Task to carry out -> Among these records, which lines include "cool"? Copy them out.

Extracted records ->
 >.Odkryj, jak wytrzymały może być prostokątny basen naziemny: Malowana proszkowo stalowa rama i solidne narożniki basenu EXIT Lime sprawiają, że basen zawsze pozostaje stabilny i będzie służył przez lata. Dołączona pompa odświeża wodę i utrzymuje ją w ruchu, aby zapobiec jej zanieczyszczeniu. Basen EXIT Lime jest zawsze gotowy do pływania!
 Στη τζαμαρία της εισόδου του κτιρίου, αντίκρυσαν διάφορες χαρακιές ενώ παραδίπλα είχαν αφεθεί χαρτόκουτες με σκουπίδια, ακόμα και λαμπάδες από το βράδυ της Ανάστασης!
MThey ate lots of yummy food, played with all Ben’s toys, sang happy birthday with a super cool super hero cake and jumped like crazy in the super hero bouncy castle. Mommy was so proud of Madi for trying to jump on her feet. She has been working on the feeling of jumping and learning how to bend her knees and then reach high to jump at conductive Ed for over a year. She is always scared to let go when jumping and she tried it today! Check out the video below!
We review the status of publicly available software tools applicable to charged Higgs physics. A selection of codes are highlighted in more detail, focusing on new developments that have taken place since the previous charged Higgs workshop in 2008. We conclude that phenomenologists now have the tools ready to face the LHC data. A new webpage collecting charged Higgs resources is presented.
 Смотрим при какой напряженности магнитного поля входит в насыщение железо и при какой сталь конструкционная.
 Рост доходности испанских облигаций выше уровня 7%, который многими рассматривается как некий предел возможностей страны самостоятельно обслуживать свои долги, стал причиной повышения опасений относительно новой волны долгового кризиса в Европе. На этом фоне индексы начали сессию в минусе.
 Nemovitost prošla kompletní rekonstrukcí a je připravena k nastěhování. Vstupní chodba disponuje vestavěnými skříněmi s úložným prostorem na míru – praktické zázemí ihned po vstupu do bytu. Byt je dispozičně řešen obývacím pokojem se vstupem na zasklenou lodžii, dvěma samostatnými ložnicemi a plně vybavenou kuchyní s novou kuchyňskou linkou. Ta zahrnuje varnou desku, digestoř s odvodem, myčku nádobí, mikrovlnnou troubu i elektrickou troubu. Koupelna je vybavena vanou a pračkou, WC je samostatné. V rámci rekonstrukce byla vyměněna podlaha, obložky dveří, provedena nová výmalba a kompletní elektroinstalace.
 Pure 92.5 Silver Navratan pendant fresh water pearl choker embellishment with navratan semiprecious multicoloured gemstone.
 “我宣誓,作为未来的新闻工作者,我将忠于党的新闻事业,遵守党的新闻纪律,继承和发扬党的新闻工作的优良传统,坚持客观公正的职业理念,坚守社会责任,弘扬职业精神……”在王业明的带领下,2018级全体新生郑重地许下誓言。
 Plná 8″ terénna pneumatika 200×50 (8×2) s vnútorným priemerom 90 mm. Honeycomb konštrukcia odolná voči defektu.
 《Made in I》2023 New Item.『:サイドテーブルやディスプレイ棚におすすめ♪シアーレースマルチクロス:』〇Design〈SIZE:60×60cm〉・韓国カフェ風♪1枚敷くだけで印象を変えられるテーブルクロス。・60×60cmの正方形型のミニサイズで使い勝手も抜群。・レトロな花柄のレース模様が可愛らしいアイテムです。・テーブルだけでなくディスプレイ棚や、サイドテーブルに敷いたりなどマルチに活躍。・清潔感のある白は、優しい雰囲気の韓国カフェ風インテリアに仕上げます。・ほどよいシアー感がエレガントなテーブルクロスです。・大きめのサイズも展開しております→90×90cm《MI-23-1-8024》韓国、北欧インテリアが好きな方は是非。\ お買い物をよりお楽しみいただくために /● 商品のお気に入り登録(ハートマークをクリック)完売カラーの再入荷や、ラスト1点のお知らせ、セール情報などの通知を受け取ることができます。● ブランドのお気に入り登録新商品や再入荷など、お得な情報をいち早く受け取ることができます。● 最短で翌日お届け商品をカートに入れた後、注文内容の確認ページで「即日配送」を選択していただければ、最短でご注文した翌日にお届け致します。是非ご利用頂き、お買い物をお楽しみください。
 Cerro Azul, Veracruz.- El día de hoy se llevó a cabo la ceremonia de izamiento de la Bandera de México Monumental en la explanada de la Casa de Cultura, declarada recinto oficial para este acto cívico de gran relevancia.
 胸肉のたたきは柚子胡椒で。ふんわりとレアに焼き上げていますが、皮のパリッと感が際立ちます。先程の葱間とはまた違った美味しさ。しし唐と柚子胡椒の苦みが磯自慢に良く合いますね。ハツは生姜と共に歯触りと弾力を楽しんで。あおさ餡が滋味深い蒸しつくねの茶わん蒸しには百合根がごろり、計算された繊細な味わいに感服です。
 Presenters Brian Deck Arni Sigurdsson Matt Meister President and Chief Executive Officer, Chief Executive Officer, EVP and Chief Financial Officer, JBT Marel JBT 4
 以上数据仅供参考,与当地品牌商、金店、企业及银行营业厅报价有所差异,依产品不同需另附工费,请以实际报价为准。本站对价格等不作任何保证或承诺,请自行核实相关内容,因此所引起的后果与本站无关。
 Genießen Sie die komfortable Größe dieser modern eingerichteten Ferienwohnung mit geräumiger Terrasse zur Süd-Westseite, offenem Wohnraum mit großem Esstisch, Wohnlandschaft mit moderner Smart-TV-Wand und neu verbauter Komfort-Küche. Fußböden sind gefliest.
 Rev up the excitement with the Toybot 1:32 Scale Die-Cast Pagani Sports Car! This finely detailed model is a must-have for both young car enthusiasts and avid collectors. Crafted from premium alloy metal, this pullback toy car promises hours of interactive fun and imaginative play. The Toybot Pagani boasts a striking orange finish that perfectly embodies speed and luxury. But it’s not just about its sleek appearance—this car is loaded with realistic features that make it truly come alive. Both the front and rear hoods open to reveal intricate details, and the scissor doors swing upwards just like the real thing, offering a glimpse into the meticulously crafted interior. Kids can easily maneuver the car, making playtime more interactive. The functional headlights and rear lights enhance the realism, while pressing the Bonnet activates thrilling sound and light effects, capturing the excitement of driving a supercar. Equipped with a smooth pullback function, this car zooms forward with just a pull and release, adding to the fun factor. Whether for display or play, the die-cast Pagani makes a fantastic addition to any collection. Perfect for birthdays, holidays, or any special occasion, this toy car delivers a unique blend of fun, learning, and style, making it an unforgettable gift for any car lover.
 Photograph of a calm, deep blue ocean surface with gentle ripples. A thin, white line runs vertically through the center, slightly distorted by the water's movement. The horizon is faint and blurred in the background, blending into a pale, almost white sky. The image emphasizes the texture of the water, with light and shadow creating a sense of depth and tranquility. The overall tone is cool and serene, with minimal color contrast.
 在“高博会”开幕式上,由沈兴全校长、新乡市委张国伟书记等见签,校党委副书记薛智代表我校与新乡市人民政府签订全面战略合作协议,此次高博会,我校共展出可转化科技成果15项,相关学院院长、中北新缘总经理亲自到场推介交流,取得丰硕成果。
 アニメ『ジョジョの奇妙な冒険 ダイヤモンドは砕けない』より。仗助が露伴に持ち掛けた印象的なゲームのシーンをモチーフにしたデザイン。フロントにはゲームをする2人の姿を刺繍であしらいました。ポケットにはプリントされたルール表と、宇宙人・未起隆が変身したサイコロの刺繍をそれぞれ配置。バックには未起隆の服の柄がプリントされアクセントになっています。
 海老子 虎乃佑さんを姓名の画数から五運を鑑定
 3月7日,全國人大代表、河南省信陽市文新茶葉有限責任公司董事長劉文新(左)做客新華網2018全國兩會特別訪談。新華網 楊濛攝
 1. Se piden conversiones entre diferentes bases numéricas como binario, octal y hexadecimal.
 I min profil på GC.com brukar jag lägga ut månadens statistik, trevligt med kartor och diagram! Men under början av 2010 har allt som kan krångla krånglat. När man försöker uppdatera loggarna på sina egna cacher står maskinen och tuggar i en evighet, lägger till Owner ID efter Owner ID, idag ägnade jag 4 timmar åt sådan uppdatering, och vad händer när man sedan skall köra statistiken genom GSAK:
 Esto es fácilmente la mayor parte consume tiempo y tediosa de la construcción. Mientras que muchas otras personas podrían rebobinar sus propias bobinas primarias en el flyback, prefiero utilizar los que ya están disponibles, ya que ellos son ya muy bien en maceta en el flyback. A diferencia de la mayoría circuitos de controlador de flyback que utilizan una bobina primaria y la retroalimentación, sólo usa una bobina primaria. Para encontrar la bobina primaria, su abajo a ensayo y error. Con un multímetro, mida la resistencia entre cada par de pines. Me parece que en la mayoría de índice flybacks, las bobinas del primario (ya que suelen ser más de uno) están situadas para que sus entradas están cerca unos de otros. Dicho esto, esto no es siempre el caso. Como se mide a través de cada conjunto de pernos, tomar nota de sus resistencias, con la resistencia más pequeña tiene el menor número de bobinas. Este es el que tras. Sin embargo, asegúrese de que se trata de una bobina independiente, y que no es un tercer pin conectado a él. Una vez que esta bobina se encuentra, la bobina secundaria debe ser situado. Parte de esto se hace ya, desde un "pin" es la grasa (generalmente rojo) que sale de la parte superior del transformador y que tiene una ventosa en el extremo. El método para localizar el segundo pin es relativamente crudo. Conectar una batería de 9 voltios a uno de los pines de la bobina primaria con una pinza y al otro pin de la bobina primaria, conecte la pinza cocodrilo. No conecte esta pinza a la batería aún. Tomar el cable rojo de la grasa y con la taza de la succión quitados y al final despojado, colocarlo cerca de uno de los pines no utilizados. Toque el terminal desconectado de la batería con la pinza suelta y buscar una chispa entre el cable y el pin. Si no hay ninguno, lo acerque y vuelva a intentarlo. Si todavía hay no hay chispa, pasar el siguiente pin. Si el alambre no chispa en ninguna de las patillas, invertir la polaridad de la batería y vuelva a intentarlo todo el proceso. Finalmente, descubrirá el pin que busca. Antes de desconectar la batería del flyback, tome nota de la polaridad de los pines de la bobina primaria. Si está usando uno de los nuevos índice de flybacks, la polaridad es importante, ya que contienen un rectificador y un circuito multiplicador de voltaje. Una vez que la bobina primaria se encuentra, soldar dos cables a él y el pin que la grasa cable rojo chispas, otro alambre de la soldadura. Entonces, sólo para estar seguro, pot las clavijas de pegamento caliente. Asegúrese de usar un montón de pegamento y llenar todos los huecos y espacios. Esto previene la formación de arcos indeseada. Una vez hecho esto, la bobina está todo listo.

Result of the exercise ->
MThey ate lots of yummy food, played with all Ben’s toys, sang happy birthday with a super cool super hero cake and jumped like crazy in the super hero bouncy castle. Mommy was so proud of Madi for trying to jump on her feet. She has been working on the feeling of jumping and learning how to bend her knees and then reach high to jump at conductive Ed for over a year. She is always scared to let go when jumping and she tried it today! Check out the video below!
 Photograph of a calm, deep blue ocean surface with gentle ripples. A thin, white line runs vertically through the center, slightly distorted by the water's movement. The horizon is faint and blurred in the background, blending into a pale, almost white sky. The image emphasizes the texture of the water, with light and shadow creating a sense of depth and tranquility. The overall tone is cool and serene, with minimal color contrast.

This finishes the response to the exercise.